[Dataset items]
[Start of Attachment]
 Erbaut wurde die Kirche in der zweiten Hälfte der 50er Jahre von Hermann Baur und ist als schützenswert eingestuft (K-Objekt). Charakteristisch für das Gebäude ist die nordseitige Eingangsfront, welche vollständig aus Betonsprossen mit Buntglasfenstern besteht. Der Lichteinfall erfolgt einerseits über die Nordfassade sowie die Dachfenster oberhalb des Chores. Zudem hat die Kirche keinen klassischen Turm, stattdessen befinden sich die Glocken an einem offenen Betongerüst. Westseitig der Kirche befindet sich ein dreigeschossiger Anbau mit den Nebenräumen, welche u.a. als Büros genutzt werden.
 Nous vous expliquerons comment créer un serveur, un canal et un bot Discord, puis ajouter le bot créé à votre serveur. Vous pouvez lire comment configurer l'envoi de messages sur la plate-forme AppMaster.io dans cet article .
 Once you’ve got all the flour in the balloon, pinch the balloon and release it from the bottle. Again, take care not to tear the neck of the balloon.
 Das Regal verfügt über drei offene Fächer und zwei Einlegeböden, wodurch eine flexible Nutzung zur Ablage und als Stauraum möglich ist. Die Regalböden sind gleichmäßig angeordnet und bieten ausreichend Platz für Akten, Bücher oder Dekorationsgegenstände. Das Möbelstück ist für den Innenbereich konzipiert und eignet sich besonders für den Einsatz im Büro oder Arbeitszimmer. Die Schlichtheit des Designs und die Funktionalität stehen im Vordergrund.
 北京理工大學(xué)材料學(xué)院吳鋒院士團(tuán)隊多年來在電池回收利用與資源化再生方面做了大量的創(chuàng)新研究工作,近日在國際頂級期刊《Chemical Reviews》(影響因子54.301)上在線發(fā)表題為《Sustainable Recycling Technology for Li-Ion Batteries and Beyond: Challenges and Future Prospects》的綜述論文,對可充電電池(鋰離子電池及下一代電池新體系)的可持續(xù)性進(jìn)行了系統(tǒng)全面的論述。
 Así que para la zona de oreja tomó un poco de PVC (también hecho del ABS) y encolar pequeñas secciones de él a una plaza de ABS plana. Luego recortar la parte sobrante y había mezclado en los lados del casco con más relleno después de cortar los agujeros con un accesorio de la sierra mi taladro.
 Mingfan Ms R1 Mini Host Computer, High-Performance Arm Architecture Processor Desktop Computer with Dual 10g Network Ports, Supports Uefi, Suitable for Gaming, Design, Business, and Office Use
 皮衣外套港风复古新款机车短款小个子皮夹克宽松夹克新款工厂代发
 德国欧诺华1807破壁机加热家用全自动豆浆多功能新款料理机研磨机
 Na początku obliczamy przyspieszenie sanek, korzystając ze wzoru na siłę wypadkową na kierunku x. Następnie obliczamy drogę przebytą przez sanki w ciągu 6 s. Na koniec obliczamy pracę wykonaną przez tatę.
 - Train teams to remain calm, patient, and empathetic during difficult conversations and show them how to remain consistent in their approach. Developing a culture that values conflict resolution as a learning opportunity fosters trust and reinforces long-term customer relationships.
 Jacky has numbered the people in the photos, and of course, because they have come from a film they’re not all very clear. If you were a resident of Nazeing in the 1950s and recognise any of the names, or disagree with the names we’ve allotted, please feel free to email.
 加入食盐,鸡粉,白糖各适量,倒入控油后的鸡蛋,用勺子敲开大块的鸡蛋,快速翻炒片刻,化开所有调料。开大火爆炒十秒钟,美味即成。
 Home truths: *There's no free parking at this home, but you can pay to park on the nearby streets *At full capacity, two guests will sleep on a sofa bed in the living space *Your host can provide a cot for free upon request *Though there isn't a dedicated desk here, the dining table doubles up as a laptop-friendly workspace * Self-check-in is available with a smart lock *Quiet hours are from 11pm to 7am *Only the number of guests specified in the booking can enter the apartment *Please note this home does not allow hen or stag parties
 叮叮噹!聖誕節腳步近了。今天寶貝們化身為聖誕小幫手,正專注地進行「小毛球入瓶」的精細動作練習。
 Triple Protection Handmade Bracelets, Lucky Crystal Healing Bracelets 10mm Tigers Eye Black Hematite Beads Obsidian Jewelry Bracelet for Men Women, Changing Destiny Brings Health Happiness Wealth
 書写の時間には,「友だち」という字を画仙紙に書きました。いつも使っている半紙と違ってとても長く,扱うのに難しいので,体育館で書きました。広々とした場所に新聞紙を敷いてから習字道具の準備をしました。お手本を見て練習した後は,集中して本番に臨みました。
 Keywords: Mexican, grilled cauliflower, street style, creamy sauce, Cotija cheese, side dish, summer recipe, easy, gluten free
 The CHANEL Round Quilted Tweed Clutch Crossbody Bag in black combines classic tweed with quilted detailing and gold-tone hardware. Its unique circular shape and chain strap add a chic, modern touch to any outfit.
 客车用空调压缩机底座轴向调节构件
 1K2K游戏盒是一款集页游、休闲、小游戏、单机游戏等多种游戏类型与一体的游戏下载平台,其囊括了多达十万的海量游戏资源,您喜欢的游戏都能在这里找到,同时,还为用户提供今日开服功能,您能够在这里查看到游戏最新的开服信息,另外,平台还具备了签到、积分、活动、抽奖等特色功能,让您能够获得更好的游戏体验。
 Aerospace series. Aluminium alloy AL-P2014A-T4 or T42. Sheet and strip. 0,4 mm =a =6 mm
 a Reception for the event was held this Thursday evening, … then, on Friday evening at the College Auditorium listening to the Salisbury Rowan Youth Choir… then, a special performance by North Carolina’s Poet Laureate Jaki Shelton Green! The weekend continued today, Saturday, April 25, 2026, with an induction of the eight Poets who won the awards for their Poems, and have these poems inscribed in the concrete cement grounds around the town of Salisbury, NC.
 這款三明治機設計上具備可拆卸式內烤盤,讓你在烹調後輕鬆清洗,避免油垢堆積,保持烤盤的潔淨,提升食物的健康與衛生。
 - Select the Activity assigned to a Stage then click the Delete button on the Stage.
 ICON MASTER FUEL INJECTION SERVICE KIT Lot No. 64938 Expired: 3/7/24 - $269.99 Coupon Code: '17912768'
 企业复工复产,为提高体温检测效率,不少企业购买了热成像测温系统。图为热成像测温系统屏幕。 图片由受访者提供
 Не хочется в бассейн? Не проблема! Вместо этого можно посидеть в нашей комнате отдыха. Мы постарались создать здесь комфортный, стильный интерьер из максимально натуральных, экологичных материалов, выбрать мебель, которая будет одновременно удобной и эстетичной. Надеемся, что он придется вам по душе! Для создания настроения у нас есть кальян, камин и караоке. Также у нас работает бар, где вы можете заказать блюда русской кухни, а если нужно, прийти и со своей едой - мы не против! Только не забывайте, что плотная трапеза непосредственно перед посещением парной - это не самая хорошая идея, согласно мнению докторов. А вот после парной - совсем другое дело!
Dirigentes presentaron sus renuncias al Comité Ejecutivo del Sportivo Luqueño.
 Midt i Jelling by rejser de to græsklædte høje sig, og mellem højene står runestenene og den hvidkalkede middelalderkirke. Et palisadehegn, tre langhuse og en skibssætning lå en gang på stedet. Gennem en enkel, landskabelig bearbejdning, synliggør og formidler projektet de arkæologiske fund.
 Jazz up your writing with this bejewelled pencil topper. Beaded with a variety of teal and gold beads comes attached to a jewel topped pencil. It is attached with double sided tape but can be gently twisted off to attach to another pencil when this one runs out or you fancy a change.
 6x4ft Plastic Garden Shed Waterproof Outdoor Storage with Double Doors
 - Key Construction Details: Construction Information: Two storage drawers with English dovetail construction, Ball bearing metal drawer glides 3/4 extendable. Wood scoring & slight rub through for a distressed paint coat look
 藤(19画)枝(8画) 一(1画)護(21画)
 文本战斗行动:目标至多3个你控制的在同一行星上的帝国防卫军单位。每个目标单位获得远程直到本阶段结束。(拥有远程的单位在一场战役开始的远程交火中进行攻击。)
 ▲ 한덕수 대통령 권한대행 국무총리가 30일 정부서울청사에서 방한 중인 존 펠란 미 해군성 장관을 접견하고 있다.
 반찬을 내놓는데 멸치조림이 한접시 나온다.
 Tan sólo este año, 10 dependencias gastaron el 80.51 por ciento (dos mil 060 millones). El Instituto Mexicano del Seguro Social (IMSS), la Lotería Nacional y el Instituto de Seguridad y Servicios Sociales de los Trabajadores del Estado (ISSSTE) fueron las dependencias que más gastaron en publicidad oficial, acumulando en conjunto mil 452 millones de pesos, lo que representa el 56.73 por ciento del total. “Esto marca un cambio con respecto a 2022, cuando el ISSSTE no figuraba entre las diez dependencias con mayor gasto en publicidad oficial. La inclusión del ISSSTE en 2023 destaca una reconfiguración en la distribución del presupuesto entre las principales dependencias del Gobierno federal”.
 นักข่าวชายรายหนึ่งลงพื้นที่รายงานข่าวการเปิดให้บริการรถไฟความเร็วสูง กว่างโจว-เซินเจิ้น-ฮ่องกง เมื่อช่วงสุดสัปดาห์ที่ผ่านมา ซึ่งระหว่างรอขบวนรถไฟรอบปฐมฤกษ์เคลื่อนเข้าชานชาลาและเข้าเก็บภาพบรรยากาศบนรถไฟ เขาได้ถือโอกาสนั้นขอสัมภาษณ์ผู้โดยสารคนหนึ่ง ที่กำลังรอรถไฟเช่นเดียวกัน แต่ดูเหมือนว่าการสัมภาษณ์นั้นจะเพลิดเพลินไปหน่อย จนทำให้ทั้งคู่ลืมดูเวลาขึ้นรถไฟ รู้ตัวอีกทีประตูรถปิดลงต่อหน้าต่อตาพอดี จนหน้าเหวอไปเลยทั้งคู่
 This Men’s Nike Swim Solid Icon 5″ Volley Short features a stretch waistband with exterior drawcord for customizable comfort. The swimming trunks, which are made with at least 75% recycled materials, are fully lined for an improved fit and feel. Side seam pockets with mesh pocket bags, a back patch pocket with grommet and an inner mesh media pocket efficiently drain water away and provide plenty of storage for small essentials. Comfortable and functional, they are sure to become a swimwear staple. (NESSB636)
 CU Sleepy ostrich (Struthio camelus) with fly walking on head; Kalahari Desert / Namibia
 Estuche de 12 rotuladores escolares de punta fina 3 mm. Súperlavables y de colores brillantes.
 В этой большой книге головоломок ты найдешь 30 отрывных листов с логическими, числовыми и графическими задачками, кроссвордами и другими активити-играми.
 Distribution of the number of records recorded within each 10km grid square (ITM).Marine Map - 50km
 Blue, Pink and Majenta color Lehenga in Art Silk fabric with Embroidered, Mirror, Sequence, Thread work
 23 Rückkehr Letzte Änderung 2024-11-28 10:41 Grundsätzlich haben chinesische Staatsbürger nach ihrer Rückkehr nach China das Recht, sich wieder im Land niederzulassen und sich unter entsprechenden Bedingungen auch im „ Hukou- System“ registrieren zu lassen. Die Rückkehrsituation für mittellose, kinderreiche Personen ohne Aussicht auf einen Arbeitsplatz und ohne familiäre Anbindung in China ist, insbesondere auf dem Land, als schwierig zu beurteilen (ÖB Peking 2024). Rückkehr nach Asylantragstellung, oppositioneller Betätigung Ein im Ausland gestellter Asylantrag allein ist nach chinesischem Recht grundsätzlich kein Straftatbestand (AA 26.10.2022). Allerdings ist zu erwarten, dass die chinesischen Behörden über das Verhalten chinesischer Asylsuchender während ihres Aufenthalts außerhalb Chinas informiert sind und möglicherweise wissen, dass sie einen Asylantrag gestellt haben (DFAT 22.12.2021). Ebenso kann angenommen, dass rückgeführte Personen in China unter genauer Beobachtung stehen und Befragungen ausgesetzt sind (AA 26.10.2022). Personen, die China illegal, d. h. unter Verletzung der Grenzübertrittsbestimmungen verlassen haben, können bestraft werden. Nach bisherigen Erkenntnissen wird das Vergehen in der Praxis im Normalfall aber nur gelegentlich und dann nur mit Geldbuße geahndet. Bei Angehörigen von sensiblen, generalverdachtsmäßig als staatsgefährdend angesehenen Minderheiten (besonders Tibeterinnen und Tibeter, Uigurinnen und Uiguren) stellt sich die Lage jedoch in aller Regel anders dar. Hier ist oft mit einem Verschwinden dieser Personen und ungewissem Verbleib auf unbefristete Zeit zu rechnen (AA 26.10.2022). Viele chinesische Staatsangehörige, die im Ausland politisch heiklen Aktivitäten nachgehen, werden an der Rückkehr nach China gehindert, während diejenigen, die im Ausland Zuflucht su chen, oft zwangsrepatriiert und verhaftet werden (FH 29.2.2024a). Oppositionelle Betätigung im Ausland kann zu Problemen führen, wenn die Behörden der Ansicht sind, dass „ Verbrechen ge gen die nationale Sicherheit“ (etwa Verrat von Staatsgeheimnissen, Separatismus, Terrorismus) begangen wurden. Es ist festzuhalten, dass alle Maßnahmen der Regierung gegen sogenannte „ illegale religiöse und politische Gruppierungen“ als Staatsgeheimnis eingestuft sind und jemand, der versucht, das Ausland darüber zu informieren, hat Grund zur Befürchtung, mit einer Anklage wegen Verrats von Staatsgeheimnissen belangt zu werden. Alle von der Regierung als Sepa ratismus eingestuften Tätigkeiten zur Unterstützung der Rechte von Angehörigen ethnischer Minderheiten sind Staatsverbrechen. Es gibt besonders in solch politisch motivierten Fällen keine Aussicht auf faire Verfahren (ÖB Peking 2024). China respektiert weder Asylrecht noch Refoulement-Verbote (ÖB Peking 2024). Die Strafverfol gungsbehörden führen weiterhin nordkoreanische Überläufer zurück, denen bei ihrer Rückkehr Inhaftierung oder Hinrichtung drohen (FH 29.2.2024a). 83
[End of Attachment]
- _Required action_:
Nothing beyond the lines from the start of the entries through the line with "德国欧诺华1807破壁机加热家用全自动豆浆多功能新款料理机研磨机" should appear. Repeat those lines exactly, both ends included.

- _The answer_:
 Erbaut wurde die Kirche in der zweiten Hälfte der 50er Jahre von Hermann Baur und ist als schützenswert eingestuft (K-Objekt). Charakteristisch für das Gebäude ist die nordseitige Eingangsfront, welche vollständig aus Betonsprossen mit Buntglasfenstern besteht. Der Lichteinfall erfolgt einerseits über die Nordfassade sowie die Dachfenster oberhalb des Chores. Zudem hat die Kirche keinen klassischen Turm, stattdessen befinden sich die Glocken an einem offenen Betongerüst. Westseitig der Kirche befindet sich ein dreigeschossiger Anbau mit den Nebenräumen, welche u.a. als Büros genutzt werden.
 Nous vous expliquerons comment créer un serveur, un canal et un bot Discord, puis ajouter le bot créé à votre serveur. Vous pouvez lire comment configurer l'envoi de messages sur la plate-forme AppMaster.io dans cet article .
 Once you’ve got all the flour in the balloon, pinch the balloon and release it from the bottle. Again, take care not to tear the neck of the balloon.
 Das Regal verfügt über drei offene Fächer und zwei Einlegeböden, wodurch eine flexible Nutzung zur Ablage und als Stauraum möglich ist. Die Regalböden sind gleichmäßig angeordnet und bieten ausreichend Platz für Akten, Bücher oder Dekorationsgegenstände. Das Möbelstück ist für den Innenbereich konzipiert und eignet sich besonders für den Einsatz im Büro oder Arbeitszimmer. Die Schlichtheit des Designs und die Funktionalität stehen im Vordergrund.
 北京理工大學(xué)材料學(xué)院吳鋒院士團(tuán)隊多年來在電池回收利用與資源化再生方面做了大量的創(chuàng)新研究工作,近日在國際頂級期刊《Chemical Reviews》(影響因子54.301)上在線發(fā)表題為《Sustainable Recycling Technology for Li-Ion Batteries and Beyond: Challenges and Future Prospects》的綜述論文,對可充電電池(鋰離子電池及下一代電池新體系)的可持續(xù)性進(jìn)行了系統(tǒng)全面的論述。
 Así que para la zona de oreja tomó un poco de PVC (también hecho del ABS) y encolar pequeñas secciones de él a una plaza de ABS plana. Luego recortar la parte sobrante y había mezclado en los lados del casco con más relleno después de cortar los agujeros con un accesorio de la sierra mi taladro.
 Mingfan Ms R1 Mini Host Computer, High-Performance Arm Architecture Processor Desktop Computer with Dual 10g Network Ports, Supports Uefi, Suitable for Gaming, Design, Business, and Office Use
 皮衣外套港风复古新款机车短款小个子皮夹克宽松夹克新款工厂代发
 德国欧诺华1807破壁机加热家用全自动豆浆多功能新款料理机研磨机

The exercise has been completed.